Ms Breen’s research has looked at property’s hedging capacity in various scenarios, including high inflation in the UK during the 1970s and Japan’s lost decade of deflation.

Taking the UK first, inflation from the late 1960s until the end of the 1980s averaged 10 per cent a year, but commercial real-estate rents grew 11 per cent and capital values 9 per cent, earning the asset class its hedging reputation.

Ms Breen highlighted several property-friendly developments over this period, including rent review periods narrowing from 15 to five years.

“Essentially, this marked property’s transition from a fixed interest asset to delivering more of an equity-type return, as landlords were better able to lock in any upside in values more frequently,” she said.

“Over these decades, commercial real estate clearly delivered inflation protection, but the drivers of growth were partly large flows into the asset class, pushing down yields. Rents did keep pace with inflation, but it is significant this was supported by regulatory intervention that stifled new supply.”

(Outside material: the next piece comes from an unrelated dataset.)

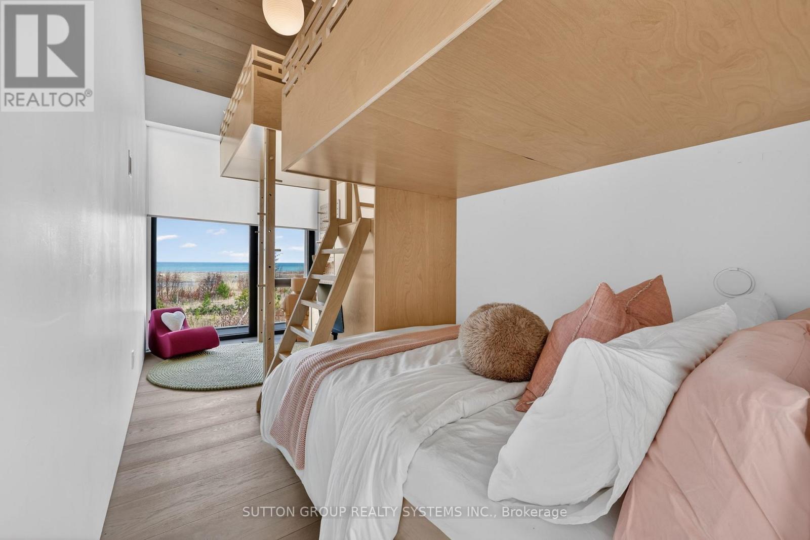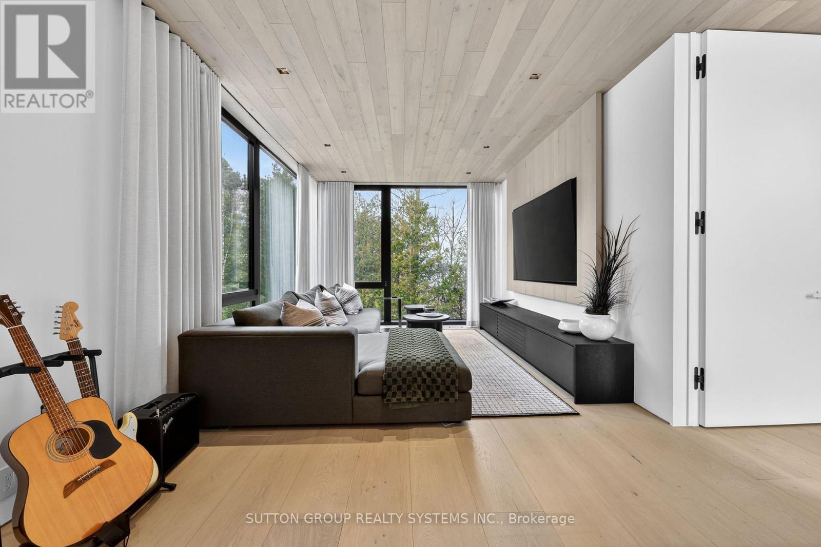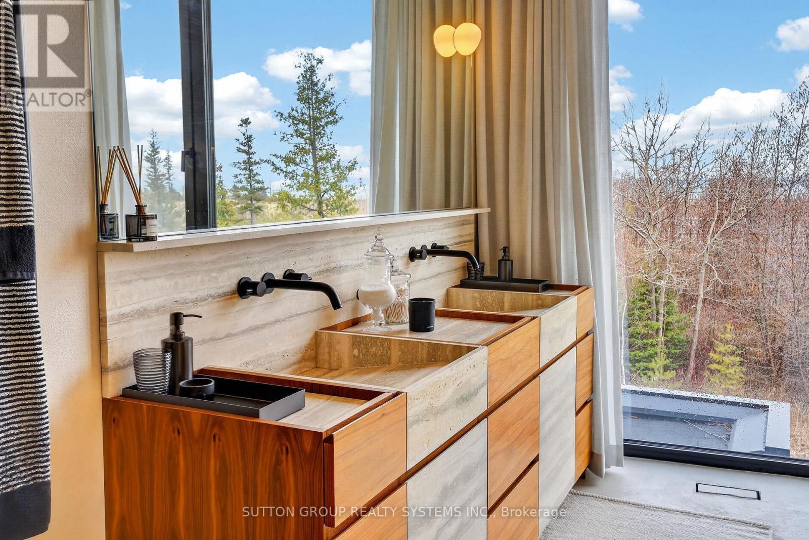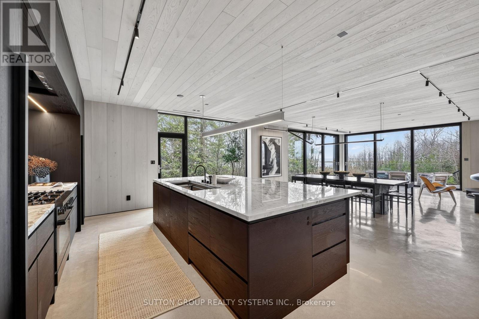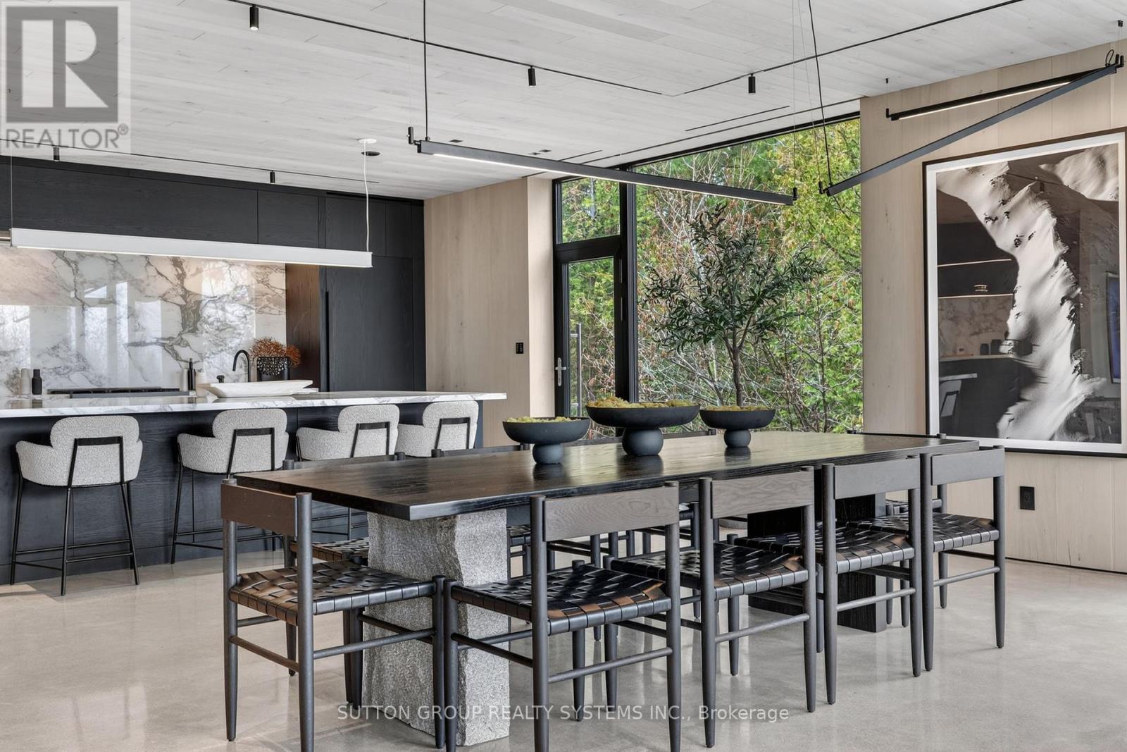 Exceptional newly built, custom-crafted 2-storey residence, ideally positioned between the shores of Georgian Bay and the ski slopes of Georgian Peaks. Designed by Foreshew Design Associates this 4-bedroom, 3.5-bath home showcases a seamless blend of modern architecture, premium materials and advanced technology. Exterior features include striking black thermal pine siding, durable metal roof & energy-efficient Drutex triple-pane windows & doors. Fully integrated Lutron&Control 4 system w/ multiple control panels provides effortless control of lighting & ambiance throughout. Open-concept main level is designed for both everyday living & entertaining, featuring dramatic floor-to-ceiling windows an iconic floating wood-burning fireplace, custom metal shelving & built-in cabinetry. Heated polished concrete floors w/hydronic radiant heating extend throughout main level & into garage. Designer kitchen by Chervin Kitchen & Bath offers panelled 36" JennAir fridge, 36" Bosch gas range, marble countertops & backsplash and two panelled drawer dishwashers by Fisher & Paykel. Hidden coffee station with double fridge/freezer drawers and automated pocket doors along with spacious walk-in pantry adds both style & functionality. Additional main floor features include soundproof gym with dedicated ventilation system and Elkay bottle filling station as well as designer powder room with statement finishes. Outdoors heated driveway & walkways with snow-melt system ensure low-maintenance winter living. Upper level offers bright family room with custom built-ins, luxurious primary retreat featuring vaulted ceilings, refined finishes, private loft space ideal for meditation, reading or quiet retreat, custom walk-in closet and spa-inspired 5-piece ensuite with walk-in glass shower & integrated tub. Three additional bedrooms, two bathrooms and second-floor laundry complete upper level. Rare offering combining design, comfort and unbeatable four-season lifestyle steps to water & slopes! (id:4555)

As for Japan’s deflationary environment for much of the 1990s and 2000, Ms Breen said the country’s real-estate picture is split in two – the 1980s asset bubble fuelled by excessive debt, and the deflation decade from 1999, where values have eroded due to a lack of growth and absence of price stimulus.

“It will be interesting to observe [the impact of] the inflation policies of Abenomics on real estate asset values in the decade ahead,” she added.

Thirst for property shows no signs of abating as fund sales boom

Property fund sales rocketed by almost 300 per cent year-on-year in May, with the asset class the best monthly seller for the first time in almost five years.

According to the latest stats from the fund management trade body the IMA, investors ploughed £491m into property funds over the month, which not only makes them the most popular fund category among retail investors for the first time since December 2009, but also represents a massive 290 per cent rise on the £126m achieved during the same period last year.

The nearest rival, UK Equity Income, was significantly behind with a tally of £270m.

Wealth managers have cited the accelerating UK economy, the booming residential market and poor value in the fixed income space as being chiefly responsible for driving the funds’ appeal.

While the average Global Bond portfolio has risen 1.1 per cent in the past 12 months and the typical UK Gilt vehicle has edged ahead by just 1.6 per cent, property investors are sitting on a gain of 8.2 per cent, according to data from FE Analytics.

Given the more favourable yields on offer, with some funds pushing towards 5 per cent, Gavin Haynes, managing director at Whitechurch Securities has been increasing positions for some time.

“I am not surprised to see that there is an increase in demand for commercial property,” he said. “The asset class is looking attractive on a number of levels. The upturn in UK GDP in the past year is positive for the sector and provides scope for capital appreciation. However, the increased flows could dilute returns if cash weightings increase.”